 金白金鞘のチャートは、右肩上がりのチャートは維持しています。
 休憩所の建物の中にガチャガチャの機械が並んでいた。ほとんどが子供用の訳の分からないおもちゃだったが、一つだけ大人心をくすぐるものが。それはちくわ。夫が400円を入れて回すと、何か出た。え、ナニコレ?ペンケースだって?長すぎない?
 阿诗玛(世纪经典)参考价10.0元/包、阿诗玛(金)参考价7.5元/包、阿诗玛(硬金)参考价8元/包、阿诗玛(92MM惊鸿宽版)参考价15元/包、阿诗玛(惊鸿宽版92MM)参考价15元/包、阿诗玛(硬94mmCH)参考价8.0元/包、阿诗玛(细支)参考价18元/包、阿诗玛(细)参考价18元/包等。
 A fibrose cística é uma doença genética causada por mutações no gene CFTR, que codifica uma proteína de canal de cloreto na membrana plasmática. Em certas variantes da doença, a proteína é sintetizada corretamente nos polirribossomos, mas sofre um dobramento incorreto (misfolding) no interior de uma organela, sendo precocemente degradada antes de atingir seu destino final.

* * *

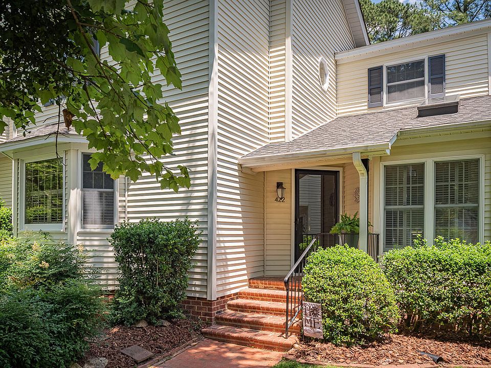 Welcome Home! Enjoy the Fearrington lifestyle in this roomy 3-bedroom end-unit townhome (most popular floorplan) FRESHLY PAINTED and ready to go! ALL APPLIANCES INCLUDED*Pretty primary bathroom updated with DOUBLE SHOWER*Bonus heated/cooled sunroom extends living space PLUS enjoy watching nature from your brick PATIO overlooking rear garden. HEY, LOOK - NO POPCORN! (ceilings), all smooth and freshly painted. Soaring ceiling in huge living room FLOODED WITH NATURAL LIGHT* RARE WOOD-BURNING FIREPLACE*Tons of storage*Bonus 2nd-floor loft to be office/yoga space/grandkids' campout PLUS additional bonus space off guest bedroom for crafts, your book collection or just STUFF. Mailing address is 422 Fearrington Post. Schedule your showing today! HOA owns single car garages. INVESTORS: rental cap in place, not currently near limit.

**WHAT IS NEEDED:**
Using the entries above, give again exactly the lines from the line holding "金白金鞘のチャートは、右肩上がりのチャートは維持しています。" through the line holding "阿诗玛(世纪经典)参考价10". Include both end lines and nothing else.

**OUTPUT OF THE EXERCISE:**
 金白金鞘のチャートは、右肩上がりのチャートは維持しています。
 休憩所の建物の中にガチャガチャの機械が並んでいた。ほとんどが子供用の訳の分からないおもちゃだったが、一つだけ大人心をくすぐるものが。それはちくわ。夫が400円を入れて回すと、何か出た。え、ナニコレ?ペンケースだって?長すぎない?
 阿诗玛(世纪经典)参考价10.0元/包、阿诗玛(金)参考价7.5元/包、阿诗玛(硬金)参考价8元/包、阿诗玛(92MM惊鸿宽版)参考价15元/包、阿诗玛(惊鸿宽版92MM)参考价15元/包、阿诗玛(硬94mmCH)参考价8.0元/包、阿诗玛(细支)参考价18元/包、阿诗玛(细)参考价18元/包等。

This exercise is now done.